Material provided:

────────────────

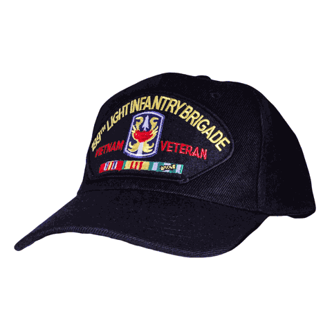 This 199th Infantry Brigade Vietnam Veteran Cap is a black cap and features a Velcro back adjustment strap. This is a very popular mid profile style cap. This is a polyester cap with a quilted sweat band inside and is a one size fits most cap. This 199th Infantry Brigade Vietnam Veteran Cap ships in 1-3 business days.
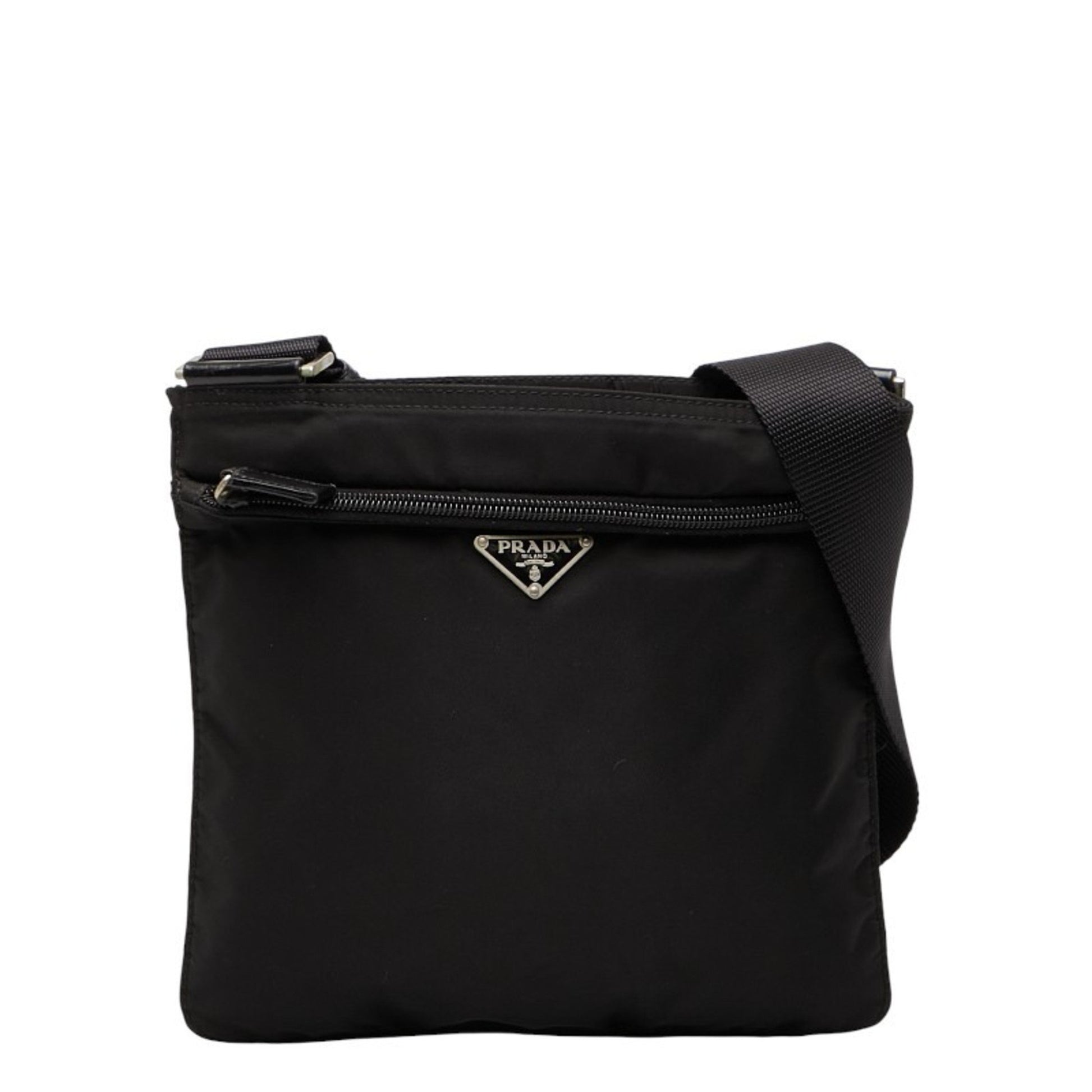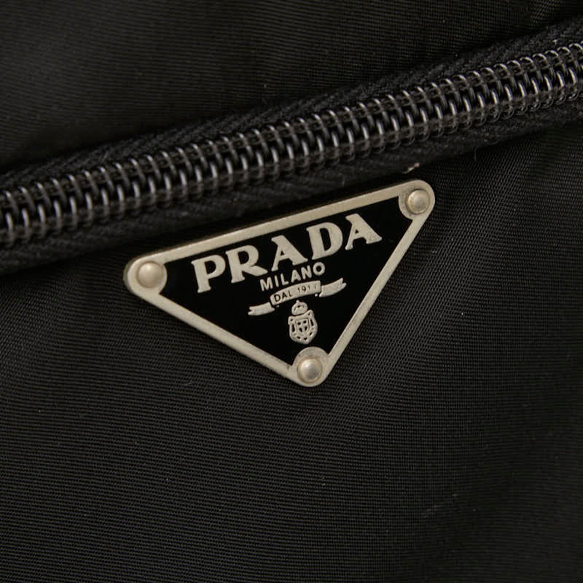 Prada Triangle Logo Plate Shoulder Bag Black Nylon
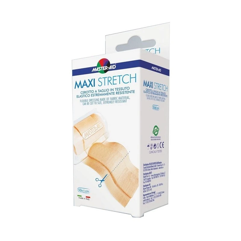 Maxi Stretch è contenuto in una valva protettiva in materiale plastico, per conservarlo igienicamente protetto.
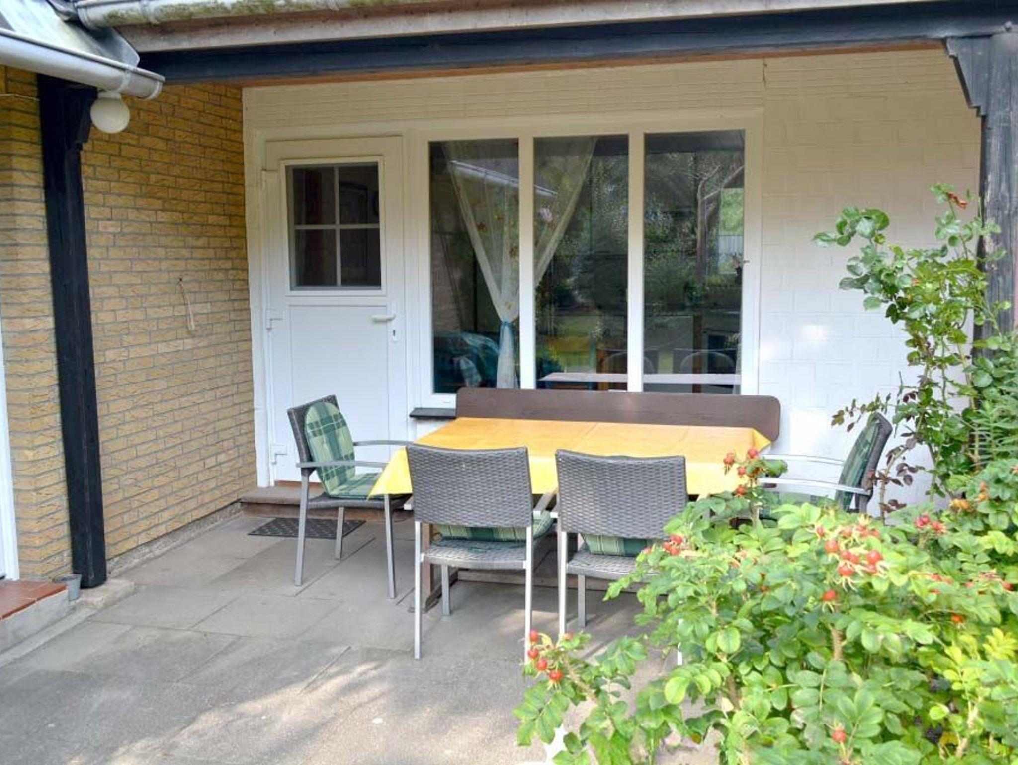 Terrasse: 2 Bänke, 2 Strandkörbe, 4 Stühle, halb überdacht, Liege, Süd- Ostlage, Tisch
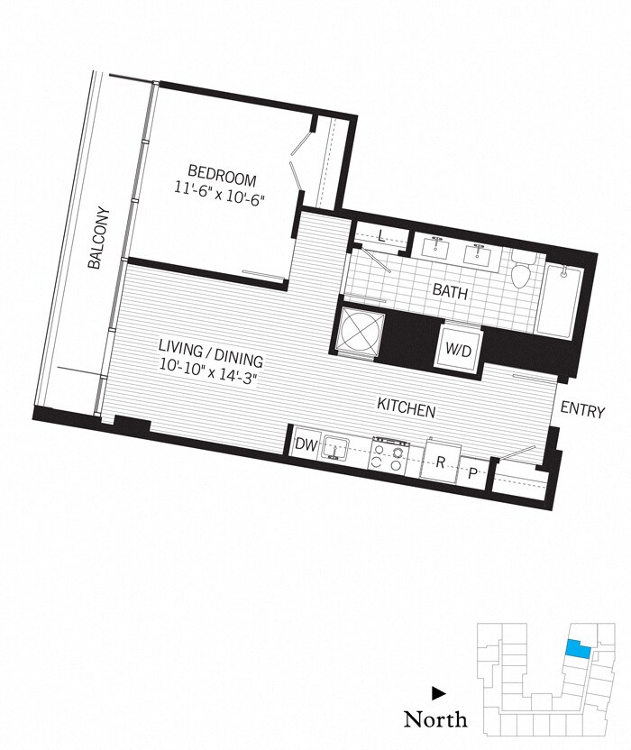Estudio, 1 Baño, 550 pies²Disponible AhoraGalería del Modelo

────────────────

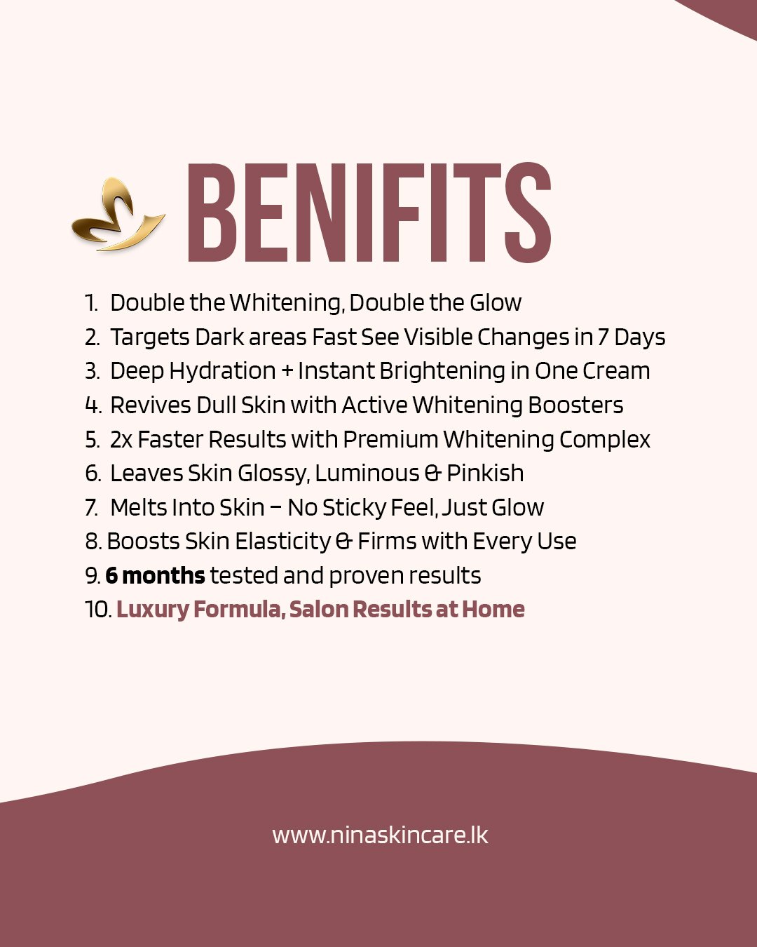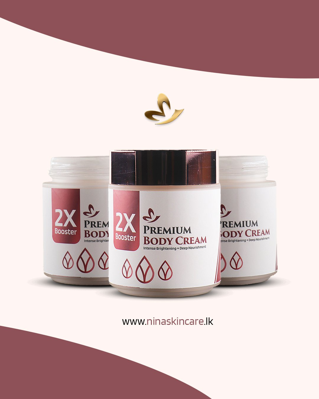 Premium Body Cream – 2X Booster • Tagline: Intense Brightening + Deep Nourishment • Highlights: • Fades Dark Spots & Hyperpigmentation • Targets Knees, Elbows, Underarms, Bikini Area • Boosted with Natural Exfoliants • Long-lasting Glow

────────────────

Work instruction: With the pictures omitted, restate word for word the lines above from the line that has "Maxi Stretch è" up to and including the line that has "Estudio, 1 Baño, 550", and no other lines.

Result of the exercise:
 Maxi Stretch è contenuto in una valva protettiva in materiale plastico, per conservarlo igienicamente protetto.
 Terrasse: 2 Bänke, 2 Strandkörbe, 4 Stühle, halb überdacht, Liege, Süd- Ostlage, Tisch
Estudio, 1 Baño, 550 pies²Disponible AhoraGalería del Modelo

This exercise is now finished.